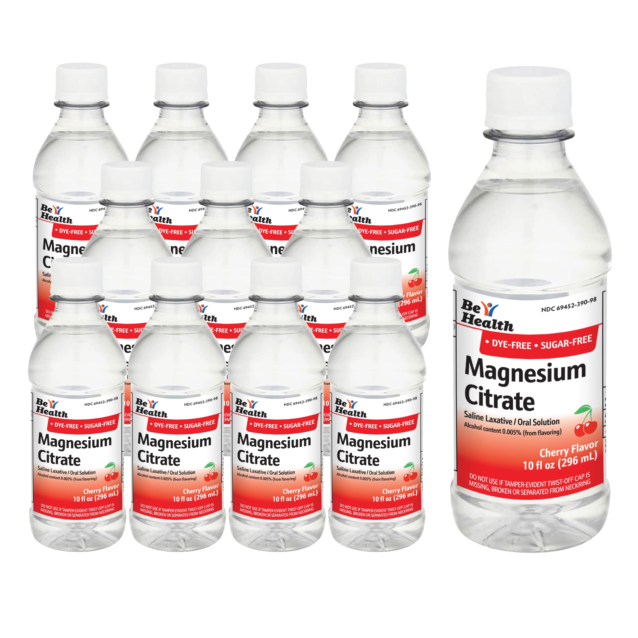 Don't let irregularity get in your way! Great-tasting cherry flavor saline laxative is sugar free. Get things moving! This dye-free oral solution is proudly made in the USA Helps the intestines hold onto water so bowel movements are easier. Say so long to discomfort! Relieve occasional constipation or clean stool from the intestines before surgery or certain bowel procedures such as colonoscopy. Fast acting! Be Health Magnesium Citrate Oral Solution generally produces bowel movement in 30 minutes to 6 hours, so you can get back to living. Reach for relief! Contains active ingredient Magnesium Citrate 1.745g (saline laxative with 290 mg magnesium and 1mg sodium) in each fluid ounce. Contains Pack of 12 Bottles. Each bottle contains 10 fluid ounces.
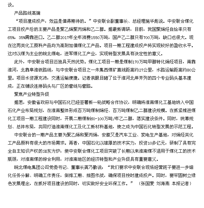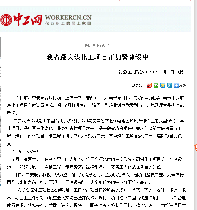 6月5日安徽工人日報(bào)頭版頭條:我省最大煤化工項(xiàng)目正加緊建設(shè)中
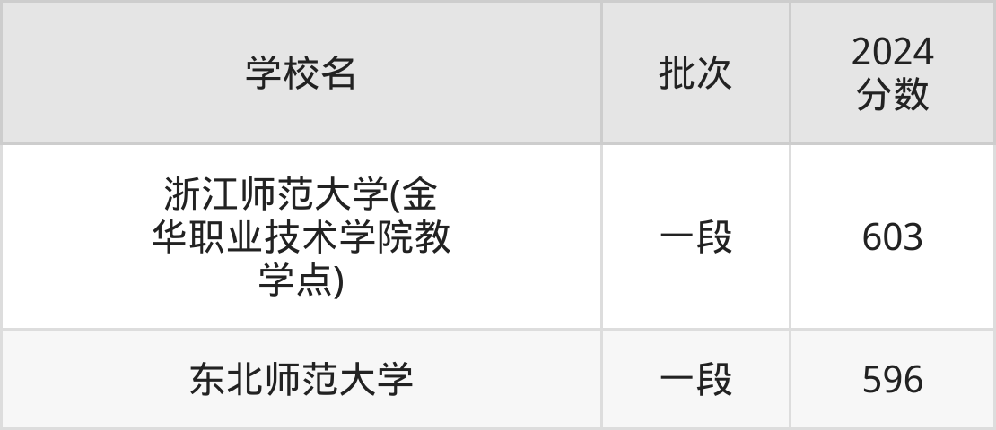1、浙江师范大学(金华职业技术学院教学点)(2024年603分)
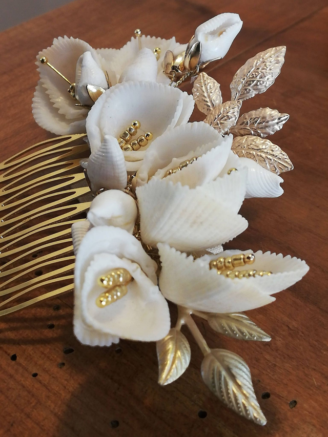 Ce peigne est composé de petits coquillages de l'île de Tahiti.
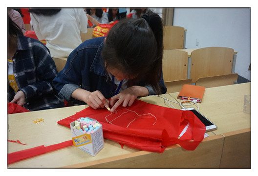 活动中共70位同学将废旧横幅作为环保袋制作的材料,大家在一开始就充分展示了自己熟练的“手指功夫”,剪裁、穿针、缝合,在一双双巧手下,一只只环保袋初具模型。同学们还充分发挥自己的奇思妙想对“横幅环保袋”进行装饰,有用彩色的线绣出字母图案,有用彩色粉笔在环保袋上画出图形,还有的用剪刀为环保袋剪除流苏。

--

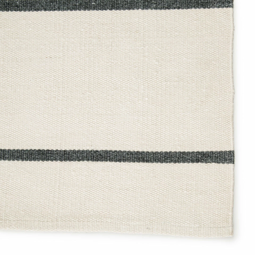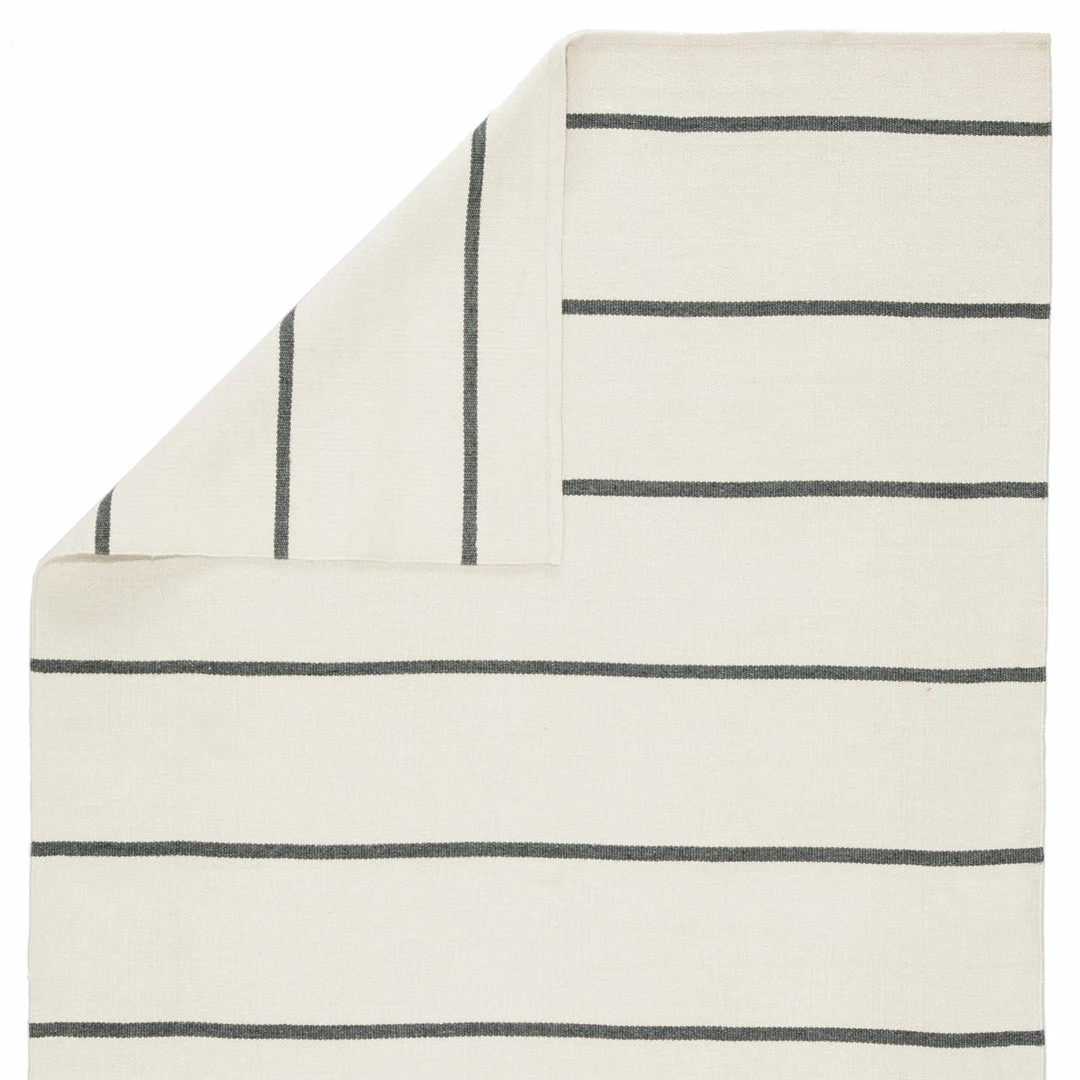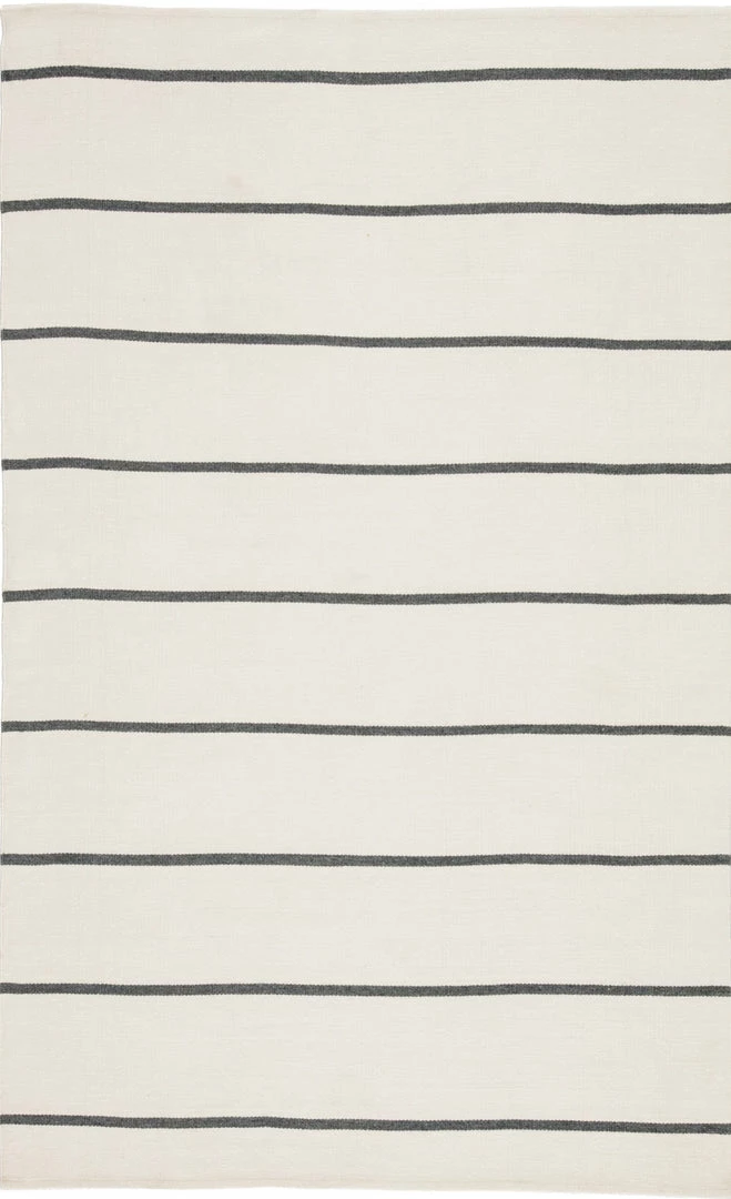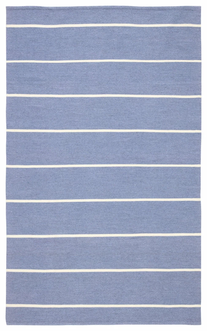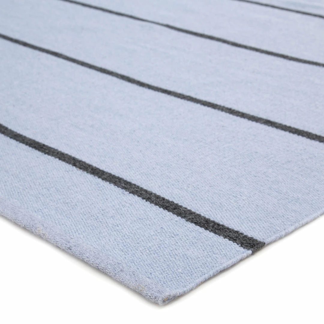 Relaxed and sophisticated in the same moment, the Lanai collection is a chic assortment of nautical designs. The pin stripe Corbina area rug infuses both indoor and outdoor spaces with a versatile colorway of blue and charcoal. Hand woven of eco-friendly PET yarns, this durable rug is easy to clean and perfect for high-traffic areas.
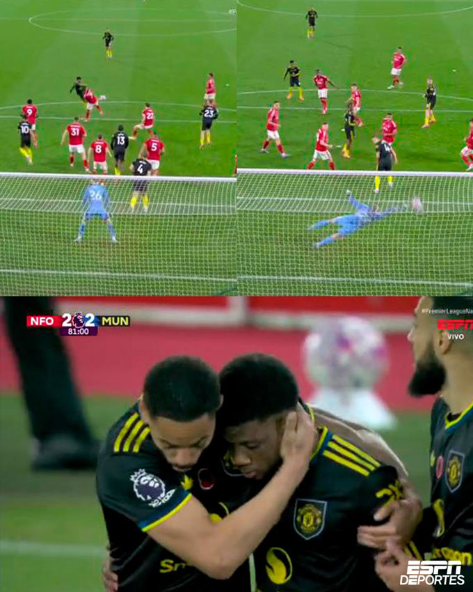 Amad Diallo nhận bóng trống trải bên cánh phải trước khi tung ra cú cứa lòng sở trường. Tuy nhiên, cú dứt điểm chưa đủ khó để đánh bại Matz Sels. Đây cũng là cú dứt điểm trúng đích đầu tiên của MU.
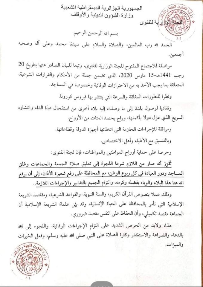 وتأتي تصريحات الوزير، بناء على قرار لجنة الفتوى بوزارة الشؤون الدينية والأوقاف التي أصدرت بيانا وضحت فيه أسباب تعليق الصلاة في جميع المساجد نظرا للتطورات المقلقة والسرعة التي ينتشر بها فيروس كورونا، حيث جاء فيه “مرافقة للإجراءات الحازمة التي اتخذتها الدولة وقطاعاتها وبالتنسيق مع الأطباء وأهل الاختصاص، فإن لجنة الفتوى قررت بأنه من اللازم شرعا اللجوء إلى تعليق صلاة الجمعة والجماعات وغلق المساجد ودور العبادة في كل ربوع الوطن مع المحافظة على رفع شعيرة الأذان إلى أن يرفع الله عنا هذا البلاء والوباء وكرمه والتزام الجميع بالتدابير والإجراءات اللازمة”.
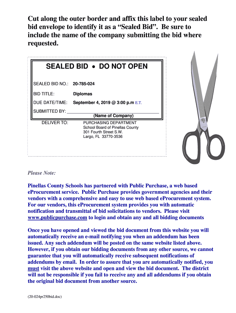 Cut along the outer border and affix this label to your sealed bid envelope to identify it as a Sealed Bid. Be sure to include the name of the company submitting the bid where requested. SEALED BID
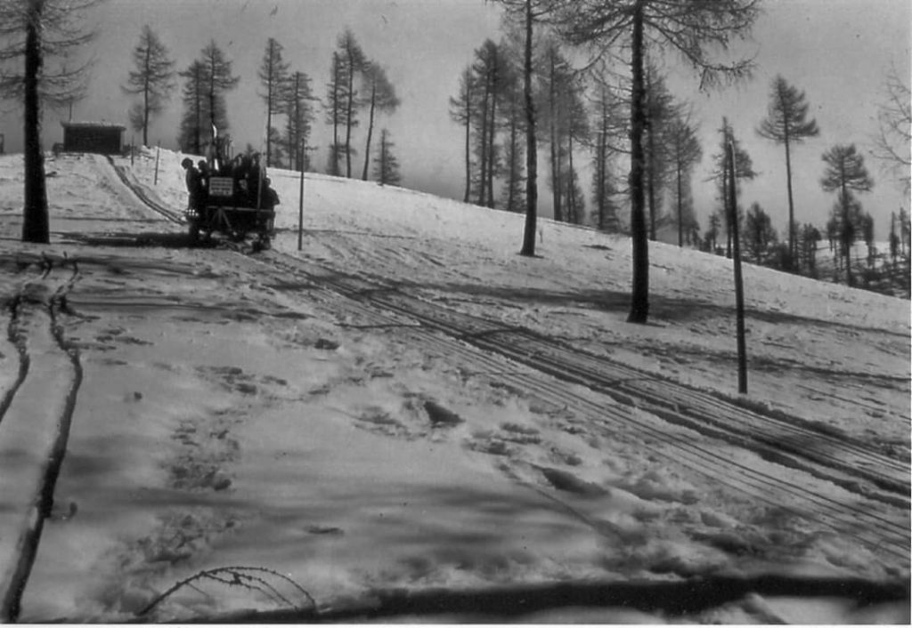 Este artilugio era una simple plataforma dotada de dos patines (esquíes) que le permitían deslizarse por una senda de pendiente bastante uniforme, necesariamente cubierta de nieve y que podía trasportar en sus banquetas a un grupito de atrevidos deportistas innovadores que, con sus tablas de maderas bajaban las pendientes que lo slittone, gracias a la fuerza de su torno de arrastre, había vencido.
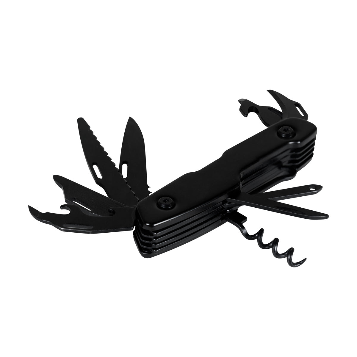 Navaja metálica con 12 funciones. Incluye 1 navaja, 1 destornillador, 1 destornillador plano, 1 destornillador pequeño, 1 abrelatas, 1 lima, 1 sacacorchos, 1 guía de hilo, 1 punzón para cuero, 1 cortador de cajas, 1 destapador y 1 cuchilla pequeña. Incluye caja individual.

---

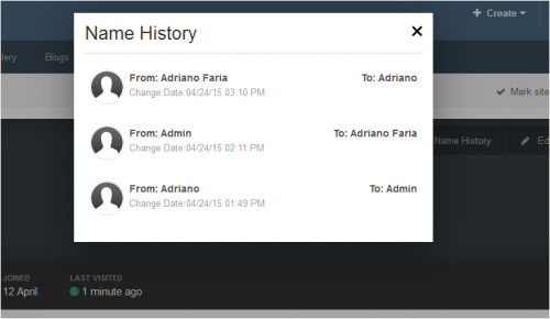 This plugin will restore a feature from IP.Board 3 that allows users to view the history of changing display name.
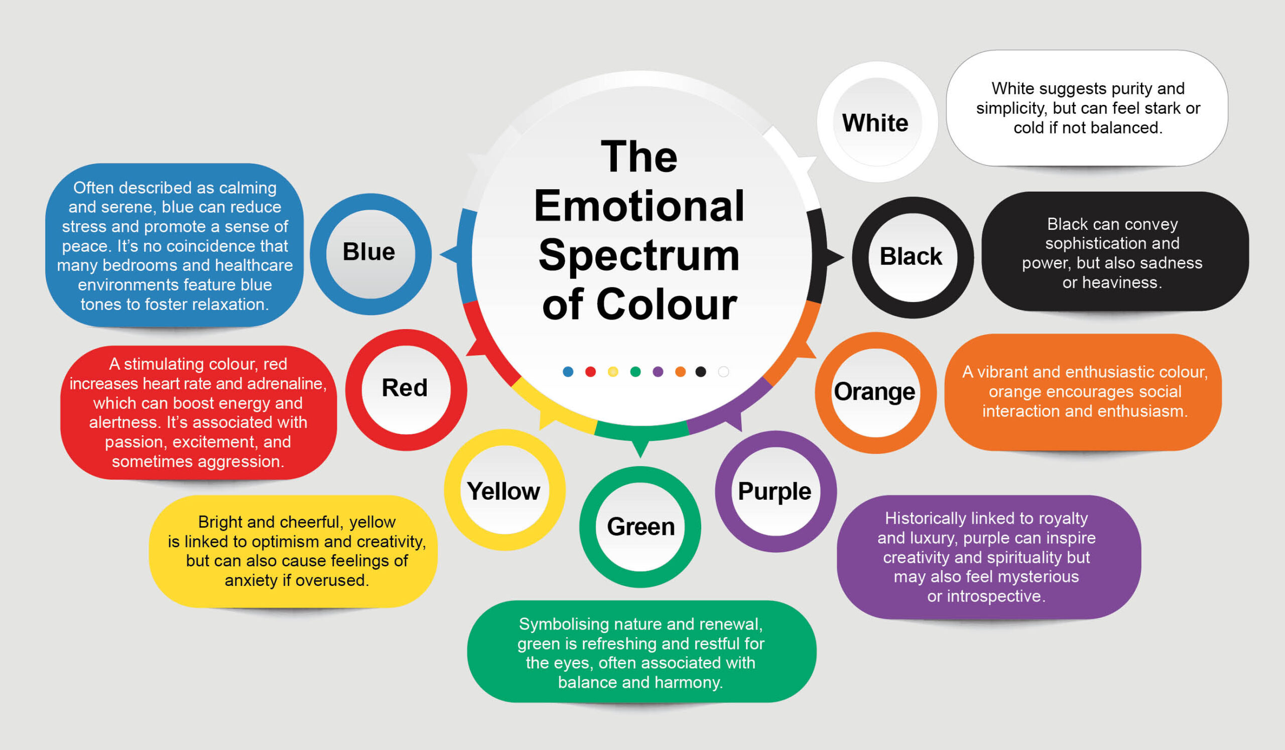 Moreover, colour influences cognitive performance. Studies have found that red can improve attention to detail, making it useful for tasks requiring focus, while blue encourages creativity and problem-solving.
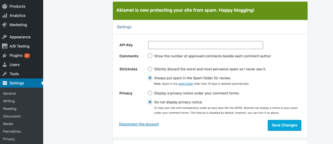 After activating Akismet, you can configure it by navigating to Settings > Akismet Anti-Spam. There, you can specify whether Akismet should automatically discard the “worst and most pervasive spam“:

* Work required *
With pictures excluded, reproduce exactly the lines above from the one containing "Don't let irregularity" down to the one containing "活动中共70位同学将废旧横幅", those two included.

* Problem solution *
 Don't let irregularity get in your way! Great-tasting cherry flavor saline laxative is sugar free. Get things moving! This dye-free oral solution is proudly made in the USA Helps the intestines hold onto water so bowel movements are easier. Say so long to discomfort! Relieve occasional constipation or clean stool from the intestines before surgery or certain bowel procedures such as colonoscopy. Fast acting! Be Health Magnesium Citrate Oral Solution generally produces bowel movement in 30 minutes to 6 hours, so you can get back to living. Reach for relief! Contains active ingredient Magnesium Citrate 1.745g (saline laxative with 290 mg magnesium and 1mg sodium) in each fluid ounce. Contains Pack of 12 Bottles. Each bottle contains 10 fluid ounces.
 6月5日安徽工人日報(bào)頭版頭條:我省最大煤化工項(xiàng)目正加緊建設(shè)中
1、浙江师范大学(金华职业技术学院教学点)(2024年603分)
 Ce peigne est composé de petits coquillages de l'île de Tahiti.
 活动中共70位同学将废旧横幅作为环保袋制作的材料,大家在一开始就充分展示了自己熟练的“手指功夫”,剪裁、穿针、缝合,在一双双巧手下,一只只环保袋初具模型。同学们还充分发挥自己的奇思妙想对“横幅环保袋”进行装饰,有用彩色的线绣出字母图案,有用彩色粉笔在环保袋上画出图形,还有的用剪刀为环保袋剪除流苏。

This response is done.